The dress and shoes and fabulous, and I love the model you chose. Thanks so much for keeping this diary. (I know it must really add to your workload!) It is so interesting to read what you go through week after week. The amount of work that goes into this is staggering. I can see how it could get overwhelming for people. Writing the descriptions must be one of the most difficult parts, but yours are always so lovely, and add so much to your design. Well done so far, and good luck with the rest of the competition:)

Cheers!

Lisa said...

Em'lia, I am blown away by your designs- this red carpet gown and the one on Antoinette doll- with the amazon look, are stunning. I think you underestimate yourself on the ho-hum challenges- this gown is lovely, & stunning. The intricate care you give to detail is inspiring; I wish I could sew like you do. This is the perfect way also to get your name out there before establishing your doll design business. You spoke of your degree work/thesis, but you are doing something just as important, following your dream & passion.

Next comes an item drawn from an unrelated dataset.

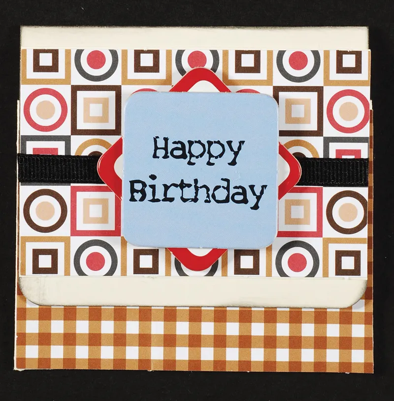 Glue the geometric paper to the front of the flap. Glue a length of black ribbon across the center of the flap. Foam tape the red/white chipboard on point over the center of the ribbon.

I too did the 'safe' thing for many years & wasn't happy- but since designing the furniture in 1/6 scale & working with Bespaq company to put it on the market, and opening my own shop, has been a dream that is a reality- so go for it! You have what it takes- passion, artistry, and most of all- a good business approach to it as a business & not a hobby that pays for itself. GOOD LUCK- I'm rooting for you!

em`lia said...

Cheers, guys! I'll try to keep up with your high expectations! LOL. I'm in a huge kerfufle with the Audrey Hepburn challenge though.

Janina said...

Thank you very much for all the additional insight on how the gown was made and what your thoughts about it are. I am looking forward to seeing more of your Sybarite- I saw the little picture on dolly daily before this huge discussion broke loose and I almost forgot about it- but please tell us more about how you like this doll and what you make for her!